Стон слышится снова, теперь куда громче.
– Мальчевская? – спрашивает Валиновская.
– Морфин закончился, – говорит кто-то из толпы.
– Это дома гмины
[49]. Булинская уже все статьи нашла, чтобы снести. Слишком, мол, плохие условия для жизни, угроза, мол, эпидемии или как-то так, – объясняет Ольчак.
Люди с хлебом медленно исчезают внутри дома.
– Все будет хорошо. Выгоним сукиных детей. Не беспокойтесь. Выгоним сукиных детей, и вас тут обустроим, – говорит мой отец.
– Вы – ангел сущий, господин Гловацкий, – толстая женщина делает шаг в сторону отца, словно желая его обнять, но он отступает. Снова слышен стон, еще громче, еще выше, словно кто-то ведет гвоздем по эмалированной поверхности. Я уже позабыл о своем похмелье; Валиновская исчезает внутри дома, Юстина идет за ней, и я следом, прохожу мимо пустых поддонов и вхожу внутрь.

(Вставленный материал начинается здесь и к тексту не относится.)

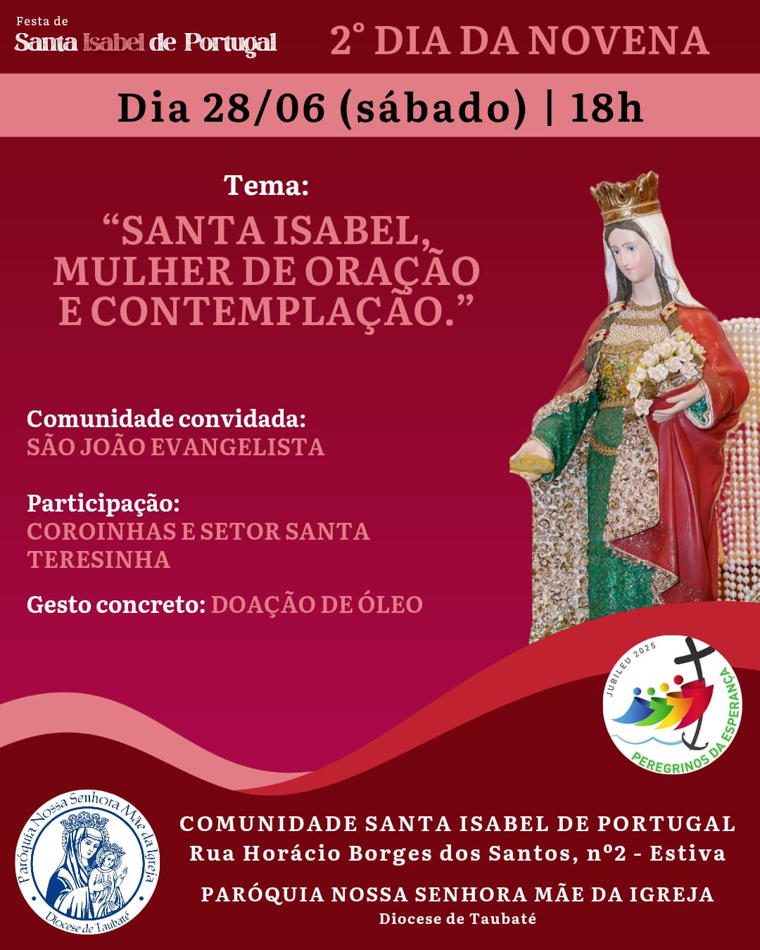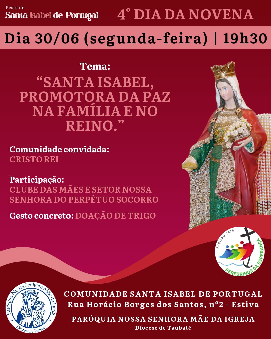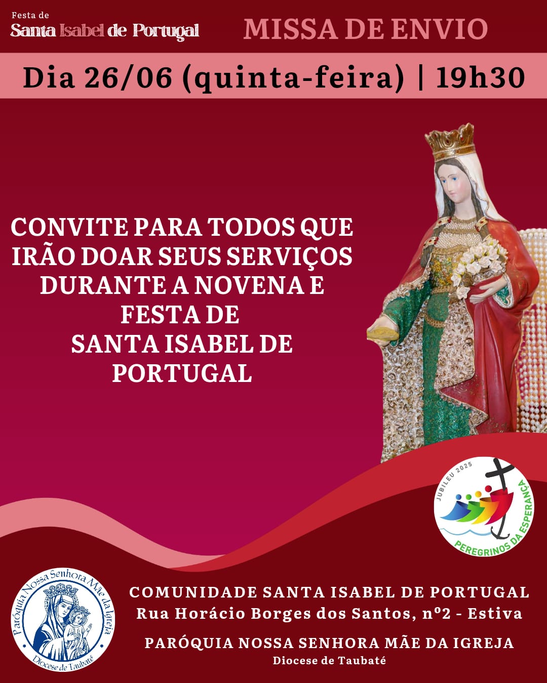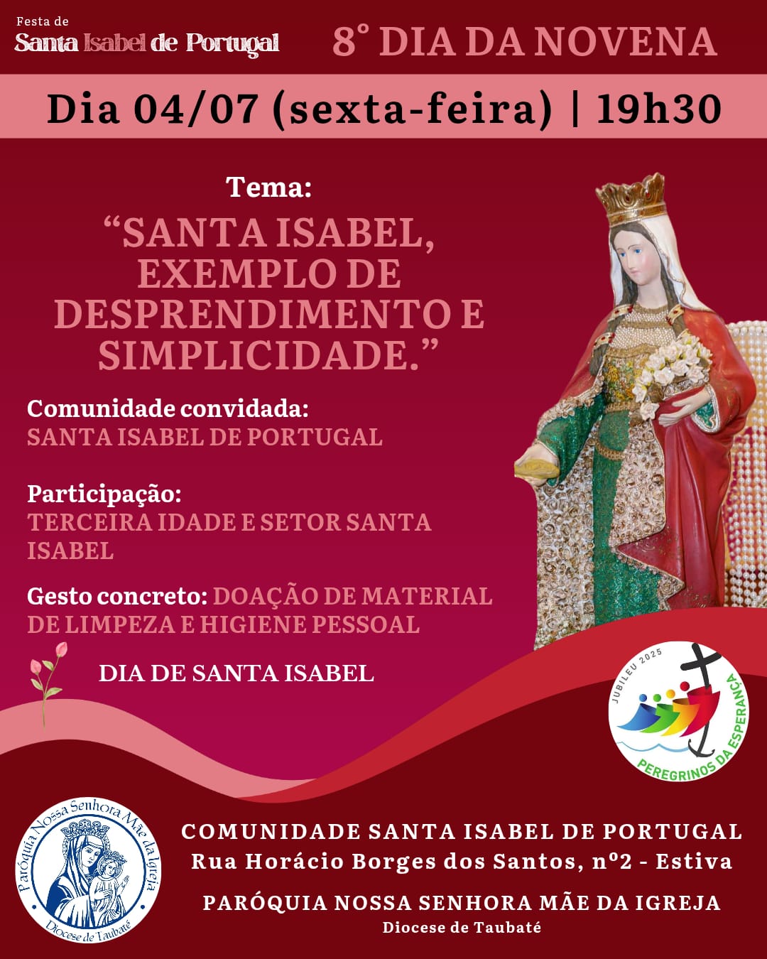 Início / Nossa Paróquia / PROGRAMAÇÃO NOVENA E FESTA COM. STA. ISABEL DE PORTUGAL

Комната узкая и тесная, обита старыми панелями, воняет старой едой, мыльной водой и дерьмом. На
розовых стенах старые, большие репродукции, Иисус и Мария с глазами, устремленными вверх, темные и выгоревшие, остановленная агония. На полу затертая, грязная дорожка, чей узор исчез уже десятилетия назад, заваленная обувью, из которой ни у одной, как на первый взгляд, нет пары. Выпадающие из петель двери в ванную. Пятна, везде пятна, на всем, пятна и потеки, словно здесь расползся не пойми какой грибок, инфицировал тут все. Кое-где попахивает мокрым деревом. На мебельной стенке несколько старых книг, к стене прикреплена небольшая керосиновая лампа, а в комнате справа, там, где выбитое окно заклеено мешком для мусора, на топчане под окном, укутанная одеялами и покрывалами, не женщина – а скорее, иссохшая ее тень с искаженным, растянутым болью лицом, красными глазами. Рядом столик, покрытый розовой клеенкой, полный упаковок лекарств и иконками, и еще вонь мочи, вареной картошки, дерьма.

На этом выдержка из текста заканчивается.